Meski demikian, Ramlie mengaku, tidak mempermasalahkan apabila nantinya pemecahan dapil benar-benar dilakukan. Namun, ia menekankan langkah tersebut harus memiliki dasar hukum dan regulasi yang jelas.
“Sebagai orang politik, buat saya tidak ada masalah dan setuju-setuju saja jika regulasi sudah mengatur jelas adanya,” ujarnya.
Ramlie juga menilai, jika pemecahan dapil dilakukan, maka kajian tidak hanya menyasar wilayah Pamulang. Menurutnya, Kecamatan Pondok Aren juga memiliki kondisi serupa karena jumlah kursi DPRD dan jumlah penduduknya relatif seimbang dengan Pamulang.

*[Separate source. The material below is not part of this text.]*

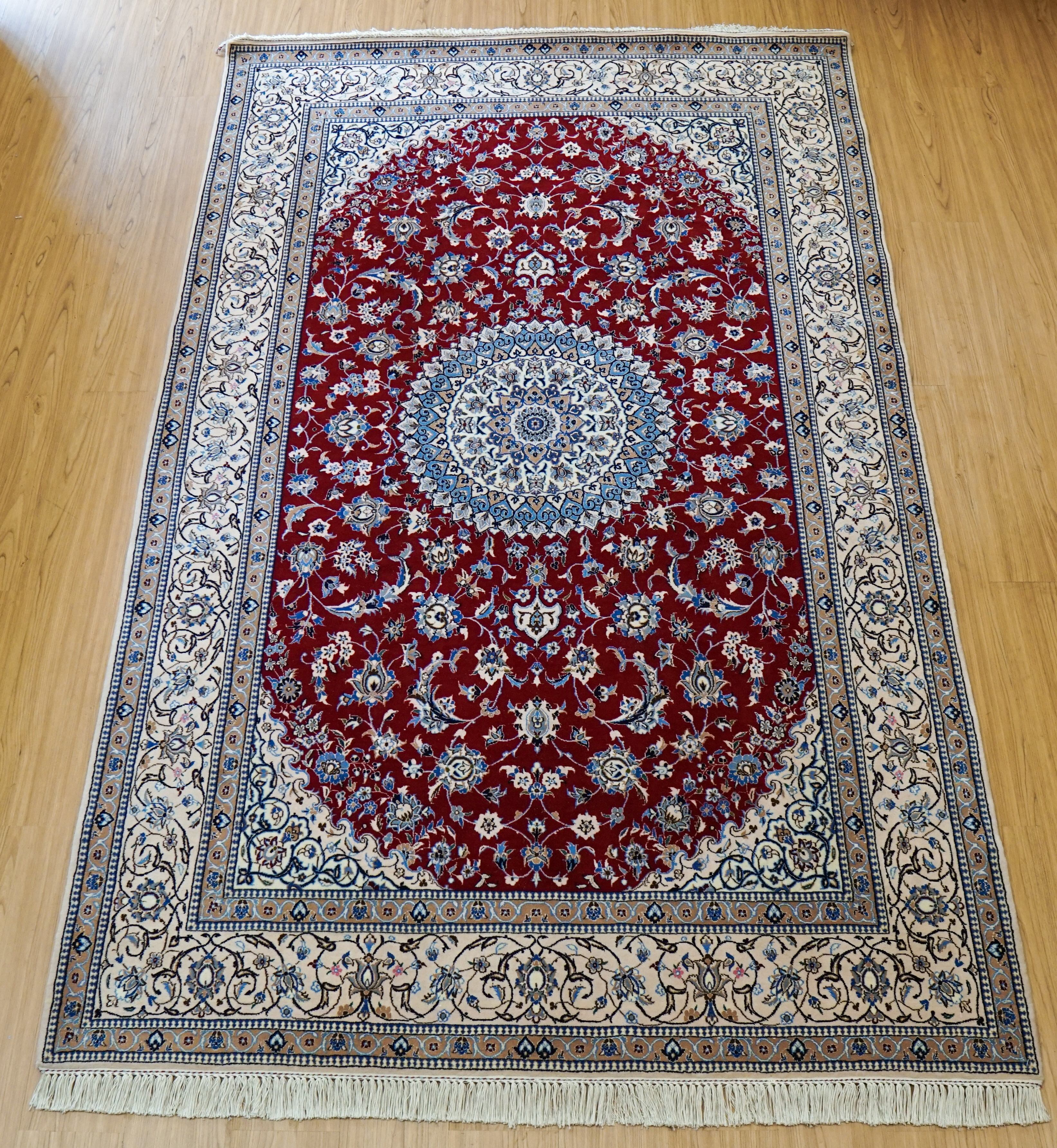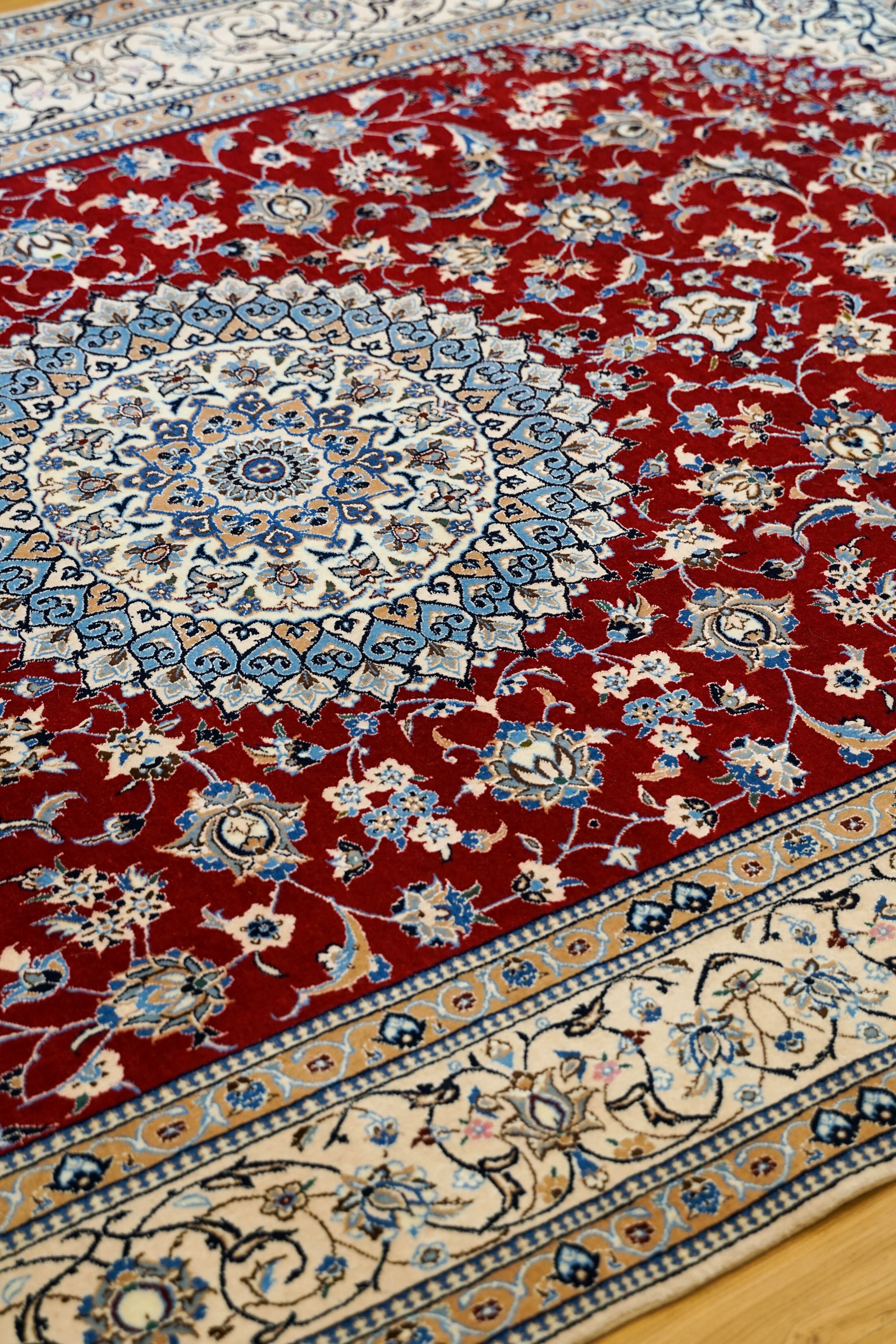 イラン中部・ナインで織られる6La(シシュラ)ランクのペルシャ絨毯は、きめ細やかな手織りとシルクの上品な艶が特徴の高級モデルです。

“Hal ini tentunya bukan Pamulang saja yang dipecah, tentunya Pondok Aren pun sama, karena pada saat ini kursi Pondok Aren dan Pamulang sama-sama 11 kursi, bahkan penduduknya pun berimbang,” katanya.
Wacana pemecahan dapil sendiri mulai mencuat menjelang Pemilu 2029. Pamulang disebut menjadi salah satu wilayah yang berpotensi dipecah karena memiliki jumlah penduduk dan pemilih yang sangat besar.
Berdasarkan data Daftar Pemilih Tetap (DPT) Triwulan I Tahun 2026, jumlah pemilih di Kecamatan Pamulang mencapai 252.965 jiwa. Angka tersebut menjadikan Pamulang sebagai salah satu basis pemilih terbesar di Tangsel.
Ketua Badan Pengawas Pemilihan Umum (Bawaslu) Tangsel, M Acep mengatakan, kemungkinan pemecahan dapil memang bisa saja terjadi. Namun menurutnya, hal itu masih sangat dinamis dan dipengaruhi sejumlah faktor. “Banyak faktor yang menyebabkan sebuah dapil dipisah atau digabung,” kata Acep saat dikonfirmasi.
Acep menjelaskan, penataan dapil sangat bergantung pada data jumlah penduduk, distribusi pemilih, hingga bilangan pembagi pemilih (BPP) yang digunakan dalam proses penentuan kursi legislatif.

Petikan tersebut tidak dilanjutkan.